• Open Access

Ultrasonographic Evaluation of Vincristine-Induced Gastric Hypomotility and the Prokinetic Effect of Mosapride in Dogs


  • The study was presented at the 2010 ACVIM Forum, Anaheim, CA.

Corresponding author: Koichi Ohno, Department of Veterinary Internal Medicine, Graduate School of Agricultural and Life Sciences, University of Tokyo, 1-1-1, Yayoi, Bunkyo-ku, Tokyo 113-8657, Japan; e-mail: aohno@mail.ecc.u-tokyo.ac.jp



Vincristine induces gastrointestinal motility disorders in humans. Adverse gastrointestinal events are commonly observed in dogs receiving vincristine.

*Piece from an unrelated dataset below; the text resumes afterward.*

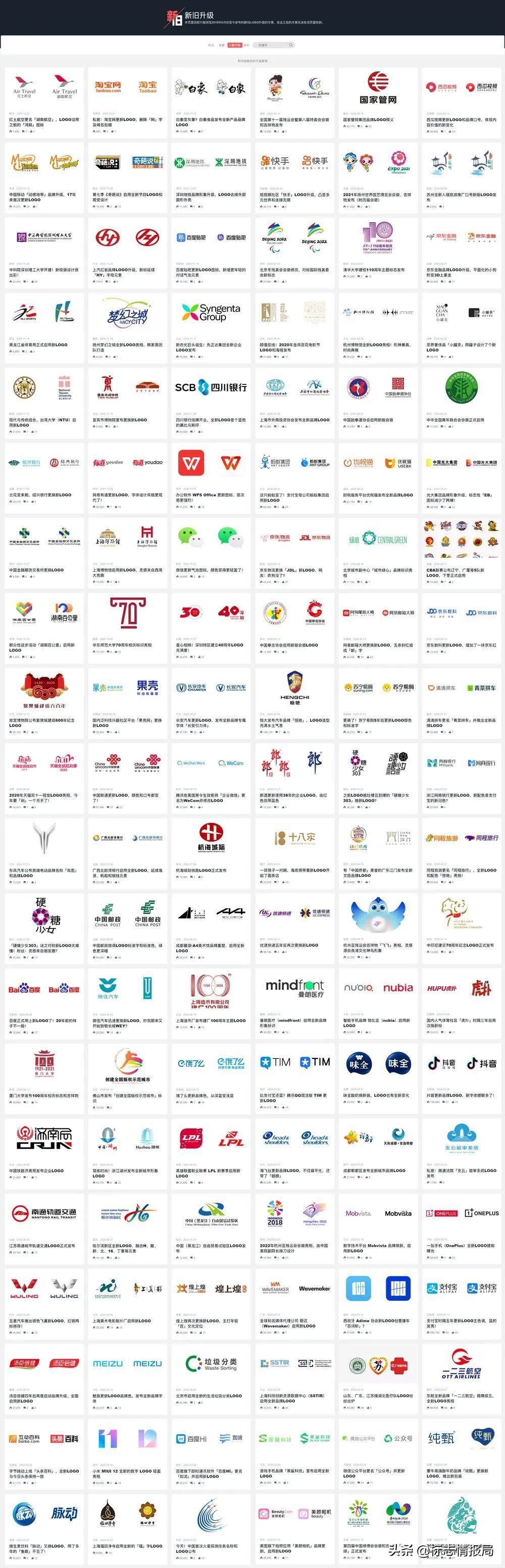 为了让大家能够更直观的检索新旧LOGO升级的文章,我们在近期推出了一个新的板块「新旧升级」。通过该页面您可以非常直接的看到每次报道中涉及的新旧LOGO对比图片,点击相应的卡片后进入详细的文章页面。

To evaluate gastric motility after vincristine administration in dogs and the prophylactic effect of a prokinetic agent, mosapride.


Five healthy Beagle dogs.


Five dogs received vincristine IV at a dosage of 0.75 mg/m2. The motility index (MI) of the antral contraction was ultrasonographically evaluated 30 minutes postfeeding before administration of vincristine and for 6 days after vincristine treatment. After a 6-week washout period, the dogs received vincristine with mosapride (2 mg/kg PO, q24h for 6 days), and the MI was re-evaluated. Adverse gastrointestinal events were evaluated according to the Veterinary Co-operative Group Common Terminology Criteria for Adverse Events (VCOG-CTCAE).


After vincristine administration, a significant decrease (P < .05) in MI was observed on days 3 (6.64 ± 0.30) and 4 (8.02 ± 0.94), compared with pretreatment levels (10.00 ± 0.62). Gastrointestinal adverse events were observed in 4 dogs (grade 2 decreased appetite: 3 dogs; grade 1 vomiting: 2 dogs; and grade 1 diarrhea and grade 2 hematochezia: 1 dog). When mosapride citrate was administered with vincristine and for the next 5 days, no decrease in MI was observed. Furthermore, adverse gastrointestinal events occurred less frequently (grade 1 vomiting and grade 2 hematochezia in 1 dog each).

Conclusions and Clinical Importance

Vincristine (0.75 mg/m2) induces gastric hypomotility in dogs. Preventive administration of mosapride citrate (2.0 mg/kg PO, q24h) improves hypomotility and may decrease the adverse gastrointestinal effects of vincristine.